My fingers tremble as I fumble with the pages of my pharmacology textbook, the passage I’m referencing blurring before my eyes. The classroom is quiet except for the scratch of pens and the occasional cough, but inside my head, it's chaos.

"Tony, you coming to study group tonight?" Sarah, my classmate, peeks over the cubicle divider with hopeful eyes.

"Can't," I mutter, not meeting her gaze. "Got too much to catch up on."

She frowns slightly, concern flickering. "You've been saying that a lot lately. You sure you're okay?"

"Yeah, just . . . family stuff." The words taste bitter, heavy with unspoken grief and twisted truths.

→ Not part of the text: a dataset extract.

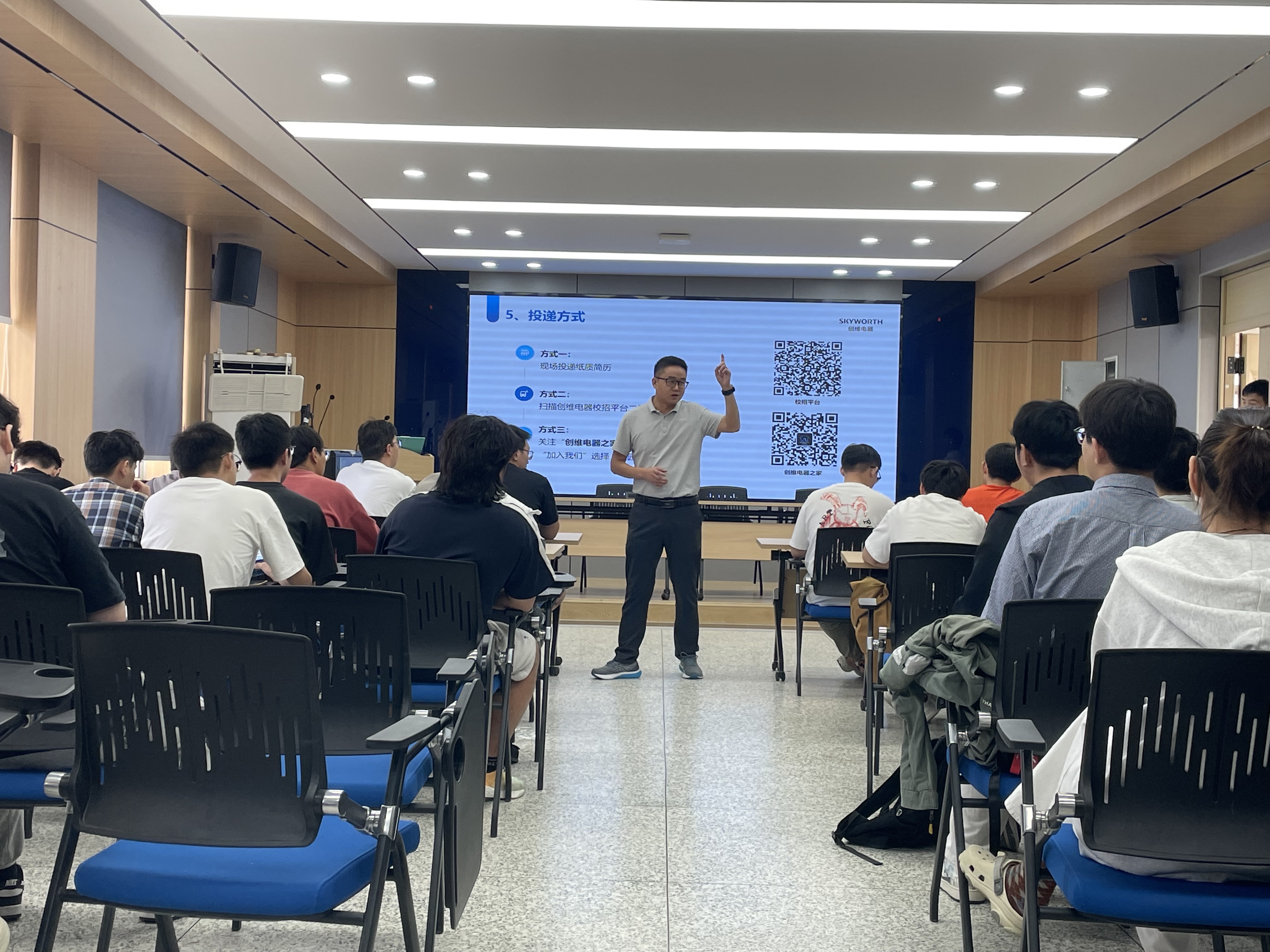 活动伊始,通过企业宣传视频,生动展现了创维电器的发展历程、核心理念与未来愿景,让在场学生快速建立对企业的初步认知。随后,公司相关负责人详细解读了企业发展战略、核心业务布局及行业发展优势,全面呈现企业发展潜力。紧接着,人力资源主管则聚焦同学们关注的求职发展问题,详细介绍了工作环境、招聘流程、薪酬福利体系以及员工成长培养计划,为毕业生明晰职业方向提供了有力参考。宣讲会尾声设置了互动问答环节。应届毕业生围绕岗位要求、职业路径、专业匹配等踊跃提问,企业代表逐一细致解答,现场交流热烈,进一步增进了企业与学生之间的相互了解。

"Okay, well, if you change your mind . . . " She trails off, leaving an open invitation hanging as she retreats to her own mountain of textbooks.

I nod, unable to form words, my gaze drifting to the empty chair beside me. Mom always said education was my lifeline; now it feels like I'm drowning in it. Each paragraph I read is a battle, each chapter a war I'm losing. School used to be my sanctuary . . . not anymore. This is purgatory.

"Concentrate, Tony," I mutter to myself, forcing my attention back to the mechanisms of action, side effects, and contraindications, but it's mom's smile, her soothing voice reading bedtime stories long ago, that fills my mind, not these dry facts I need to memorize.

I miss you, Mama. I hope you found Dad and you are both very happy in Heaven.

There is no way I’m ever leaving this room. I can’t . . . I won’t. I ran away from Miami as fast as I could, thinking the scandal would be locally contained. How stupid was I! That stupid oaf of an airhead —Jeebz, caught wind of the story, and I'm the star of his Blog, Celeb Secrets.

In the quiet solitude of my room, I find myself reflecting on the unexpected turn of events my life has taken lately: the blaring headlines from the Miami Beach Sentinal, the intrusive photographs, the demoralizing captions—it's as if the entire world now has a front-row seat to my personal struggles.

It's a surreal experience, one that has made me acutely aware of the harsh scrutiny celebrities endure daily—every moment,every choice scrutinized and dissected by people who have no right to an opinion. It's disheartening to think that my private battles are now public spectacles, up for commentary by anyone who has access to a smartphone, a tabloid, or a gossip column.

I must say that until now . . . now that I am on the receiving end of the injustice, I too was a passing consumer of these unconfirmed, unproven insinuations and inuendoes. Like everybody else, I, too, would snag a rag at the grocery store checkout as I waited in line, casually and aimlessly flipping through people’s lives, absorbing the intimate details of others' misery and insecurity as if it were a mundane routine occurrence.

It hits me now—now that I am a victim—the callousness of a society that thrives on the misfortunes and vulnerabilities of others.

Until you have skin in it, you don’t realize how wide the empathy gap is. Looking at it from a victim’s perspective, I realize now how easily we’ve become passive consumers of others' misery, all in the name of entertainment and morbid curiosity. It's a harsh reality, and I wonder how many times I, too, may have unknowingly perpetuated the cycle before becoming the subject of its scrutiny.